Sunday, August 30, 2015

Are We Actually Wiser than the Founders?

To venerate the Founders to the point of denying errors in their judgments, or injustices in their actions, serves no good purpose.

Jefferson, Washington, and others owned slaves. We know that this was a moral wrong. In fact, we know that Jefferson and Washington both understood this point. That leaves us in the position of understanding that they made a choice to justify the ends -- development of their own landed estates, finding a ground on which the varying interests of the newly independent States would still permit the formation of new Nation -- while deploying wrongful means.

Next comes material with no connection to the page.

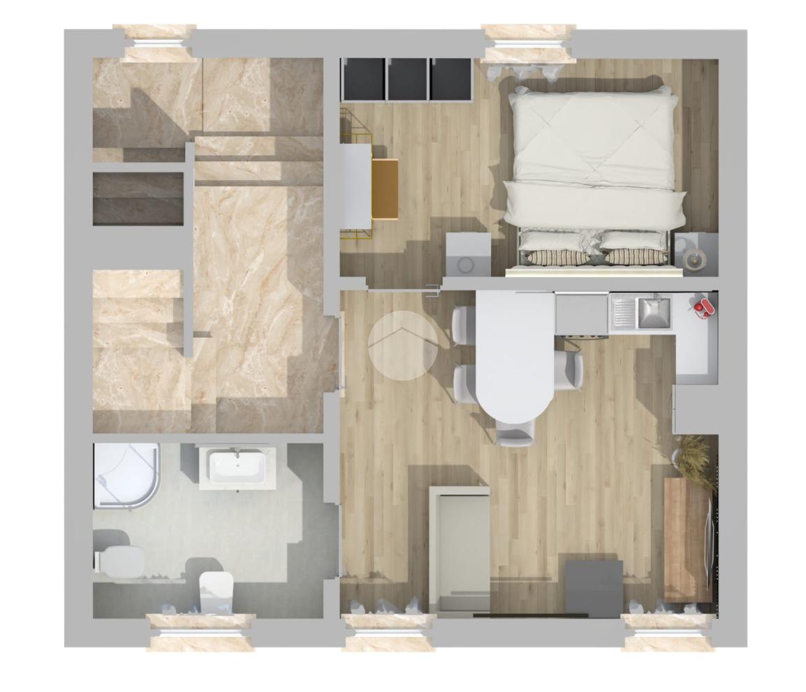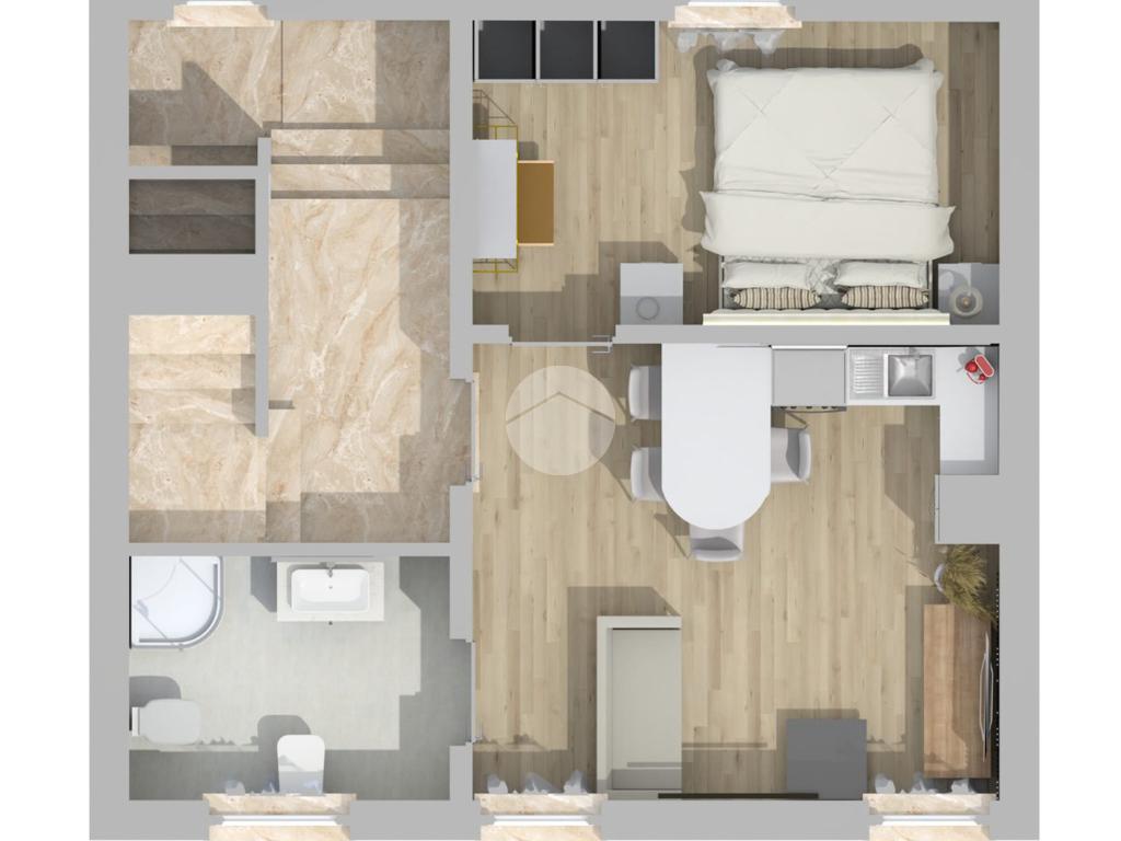 L’appartamento è stato organizzato in modo funzionale per garantire comfort e praticità: dispone di una camera da letto matrimoniale ben definita, una zona cucina con soggiorno accogliente e ben distribuita e un bagno finestrato completo di moderno box doccia.

Still, the genius in their words, their actions, is evidenced by the fact that America is the longest-lived constitutional republic in the world. So, admiration of their words and work is warranted, but is tempered by recognition of their human failings.

As we approach another election season, a variety of "hot-button" issues allow us insight into the thinking of various candidates. That insight, in turn, allows us to compare those candidates with the Founders, and draw what conclusions that we may.

Hillary Clinton and Martin O'Malley, two of the three announced candidates for the nomination of the Democratic Party, have positioned themselves well as proponents of new and additional legislation to address gun crimes in the United States.

Hillary Clinton, in a recent campaign stop, as reported by CNN, staked out her claim as the President that would accomplish the necessary task of winning the "gun control" battle:
"We have got to do something about gun violence in America. And I will take it on," Clinton said. "It's a very political, difficult issue in America. But I believe we are smart enough, we are compassionate enough, to figure out how to balance the legitimate Second Amendment rights with preventive measures and control measures so that whatever motivated this murderer who eventually took his own life, we will not see more deaths, needless, senseless deaths."
Oddly, for a candidate opposed to the use of guns to solve problems, she has adopted a violent motif for her campaign website, casting her campaign themes as a "fight." Her major motif is "The Four Fights."

FDR liked the number four as well. In his day, with a broken economy, growing tyranny in Europe and Asia, he still did not stoop to portraying efforts at change, even progressive transformation, as a battle or a fight. Instead, he spoke of the Four Freedoms. How different are Democrats now, and Hillary at the front, making her policy initiatives "fights." By transforming engagement about policy into "fighting," she has, of course, made those who oppose her views, the "enemy." I certainly hope the two term bath of divisiveness given to us in Barack Obama is not extended a single day under that used up windbag's attempt to create energy by declaring war on Americans.

Martin O'Malley's Maryland has restricted gun rights literally since its founding. In fact, one argument made in defense of the gun restrictions that the Supreme Court overturned in the District of Columbia v. Heller case was that, because the District of Columbia was carved out of Maryland, that State's historically restrictive laws meant that DC residents had never had an unfettered right to keep and bear arms.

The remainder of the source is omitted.